# [Work request]
Your job is to give again, exactly and with no additions, the lines in the records below from the one with "Wir freuen uns, wenn" through the one with "Praktický plánovací kalendář", both included. Omit the pictures.

# [Stored data]
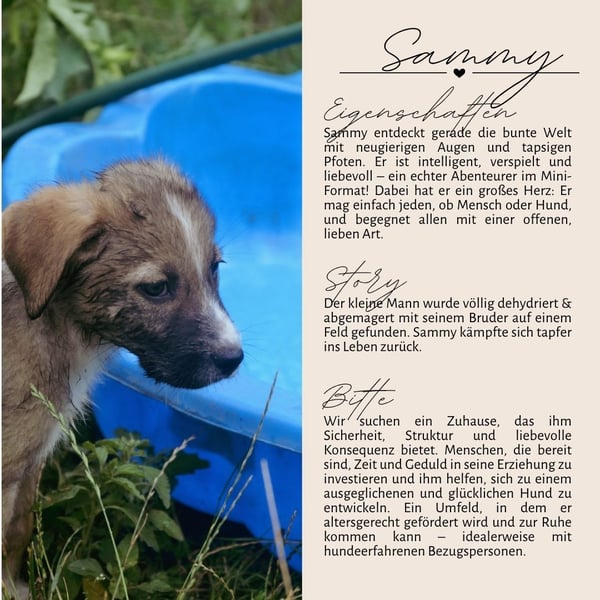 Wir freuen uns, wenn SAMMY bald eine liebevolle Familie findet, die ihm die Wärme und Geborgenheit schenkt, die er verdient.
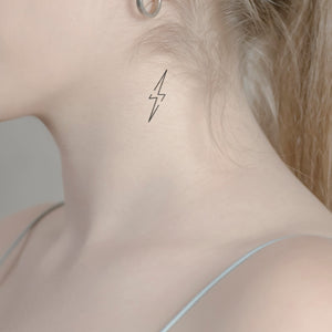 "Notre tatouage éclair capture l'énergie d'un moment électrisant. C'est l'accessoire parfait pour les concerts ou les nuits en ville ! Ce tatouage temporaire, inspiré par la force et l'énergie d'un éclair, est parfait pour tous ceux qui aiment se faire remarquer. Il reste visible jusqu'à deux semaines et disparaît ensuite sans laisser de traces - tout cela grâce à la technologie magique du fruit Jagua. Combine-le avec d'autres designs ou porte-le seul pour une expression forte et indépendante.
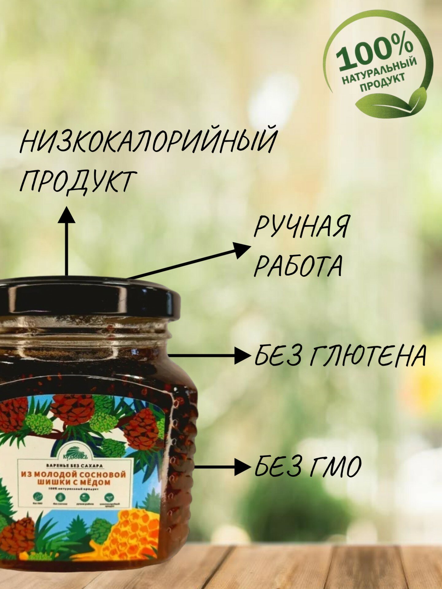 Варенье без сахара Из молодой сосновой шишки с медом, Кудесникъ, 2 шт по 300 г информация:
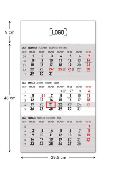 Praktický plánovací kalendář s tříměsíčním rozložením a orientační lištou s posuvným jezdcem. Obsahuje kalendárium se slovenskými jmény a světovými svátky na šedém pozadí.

* * *

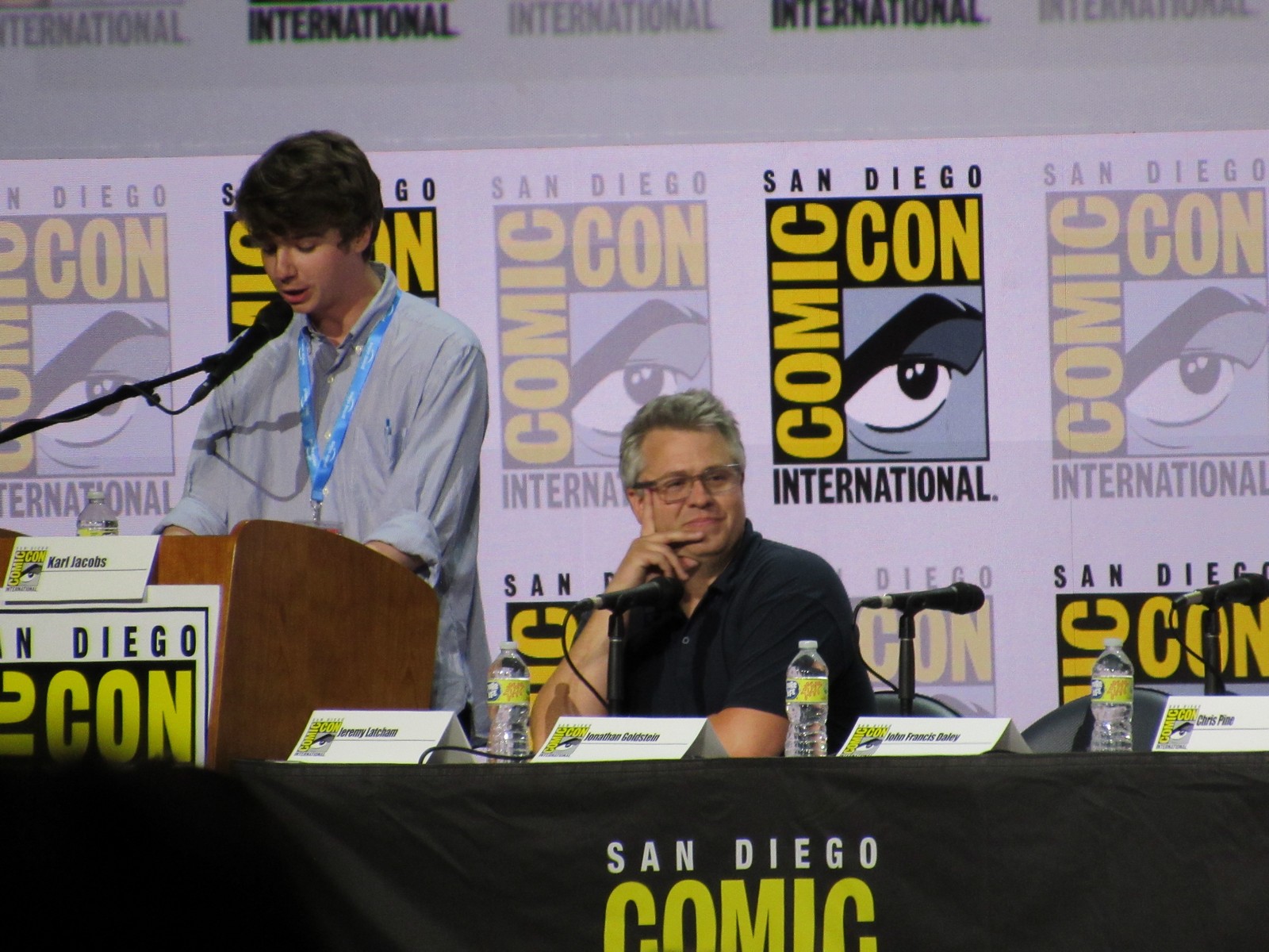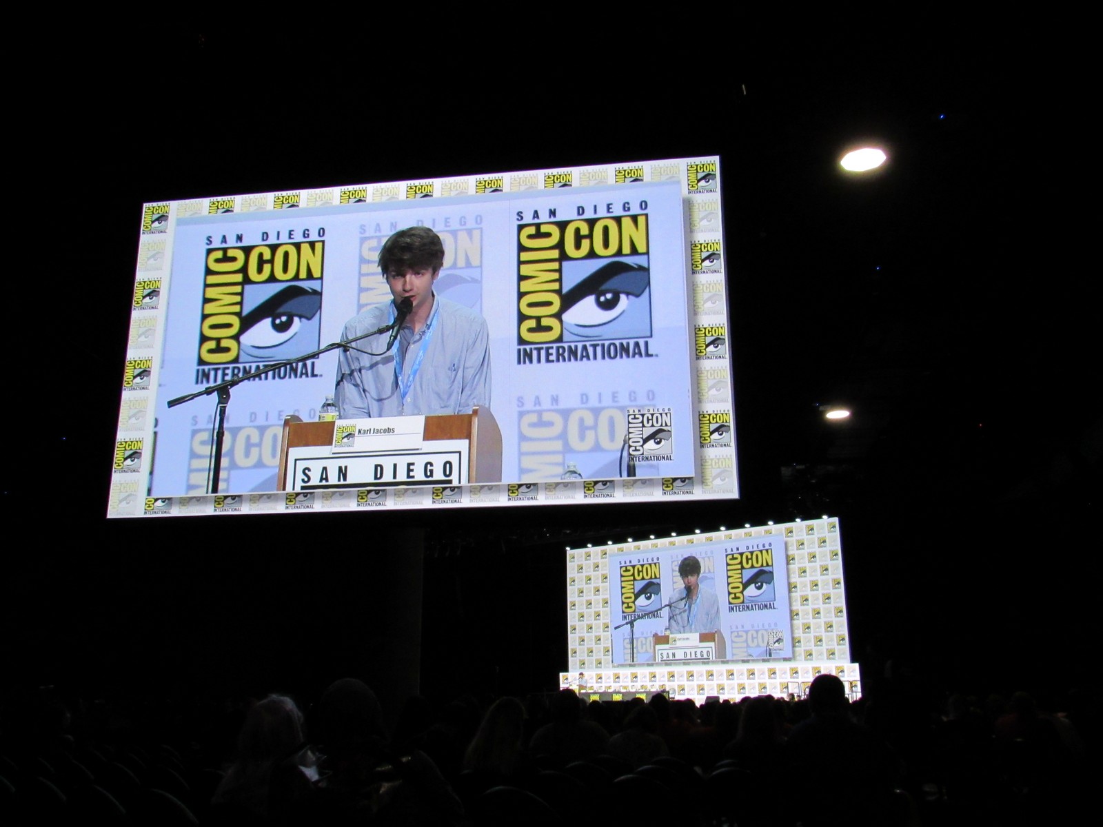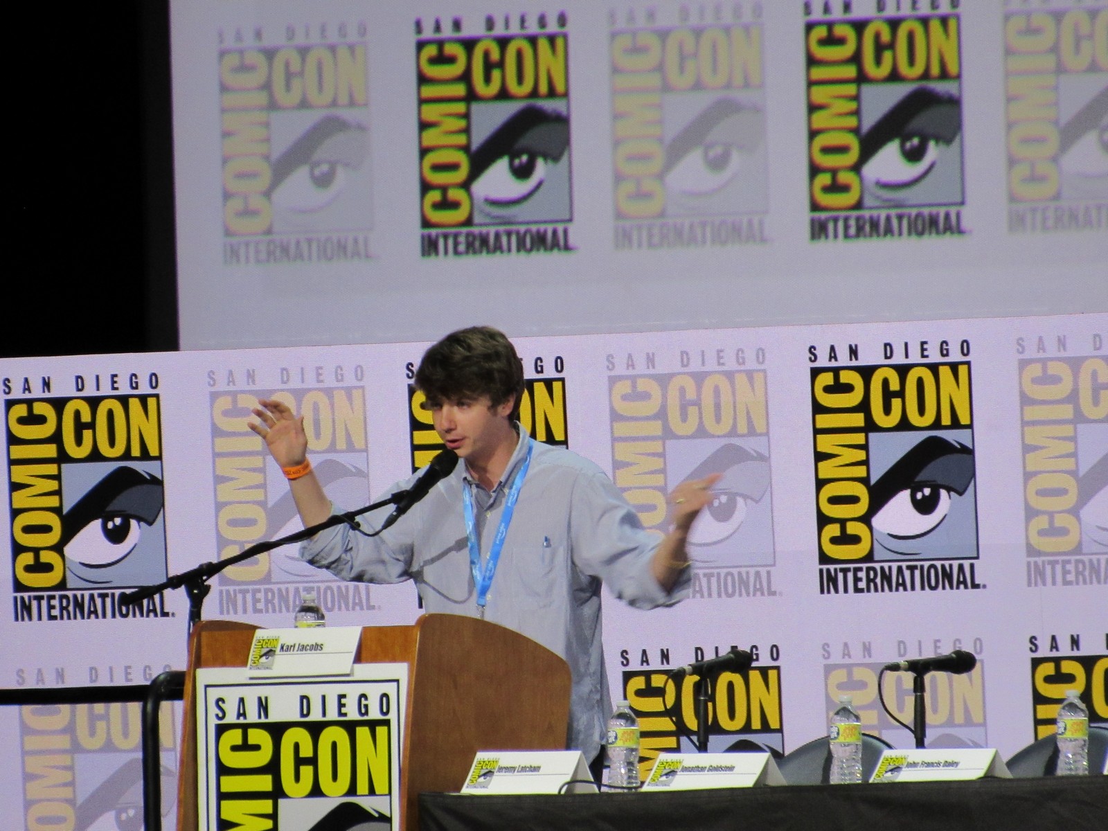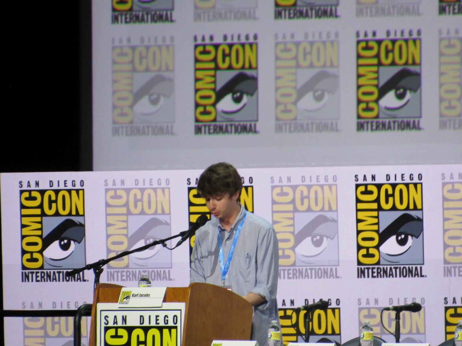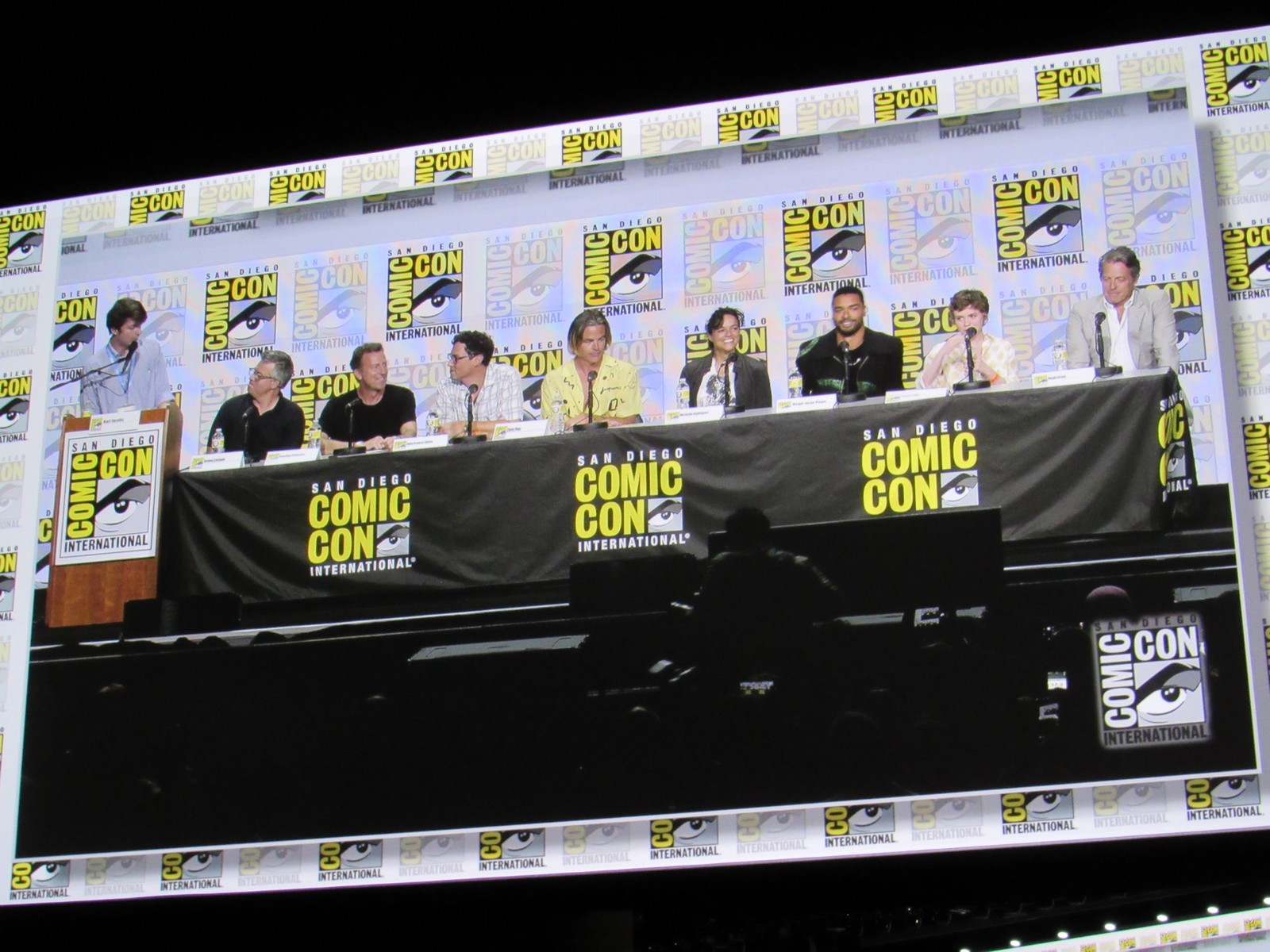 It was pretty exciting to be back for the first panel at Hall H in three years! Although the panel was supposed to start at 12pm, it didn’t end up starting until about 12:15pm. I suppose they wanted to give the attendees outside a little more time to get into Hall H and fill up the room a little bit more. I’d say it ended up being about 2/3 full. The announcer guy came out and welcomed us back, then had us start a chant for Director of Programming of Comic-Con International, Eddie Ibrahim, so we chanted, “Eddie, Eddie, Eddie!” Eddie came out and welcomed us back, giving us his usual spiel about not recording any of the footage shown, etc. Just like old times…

# [Answer to this problem]
 Wir freuen uns, wenn SAMMY bald eine liebevolle Familie findet, die ihm die Wärme und Geborgenheit schenkt, die er verdient.
 "Notre tatouage éclair capture l'énergie d'un moment électrisant. C'est l'accessoire parfait pour les concerts ou les nuits en ville ! Ce tatouage temporaire, inspiré par la force et l'énergie d'un éclair, est parfait pour tous ceux qui aiment se faire remarquer. Il reste visible jusqu'à deux semaines et disparaît ensuite sans laisser de traces - tout cela grâce à la technologie magique du fruit Jagua. Combine-le avec d'autres designs ou porte-le seul pour une expression forte et indépendante.
 Варенье без сахара Из молодой сосновой шишки с медом, Кудесникъ, 2 шт по 300 г информация:
 Praktický plánovací kalendář s tříměsíčním rozložením a orientační lištou s posuvným jezdcem. Obsahuje kalendárium se slovenskými jmény a světovými svátky na šedém pozadí.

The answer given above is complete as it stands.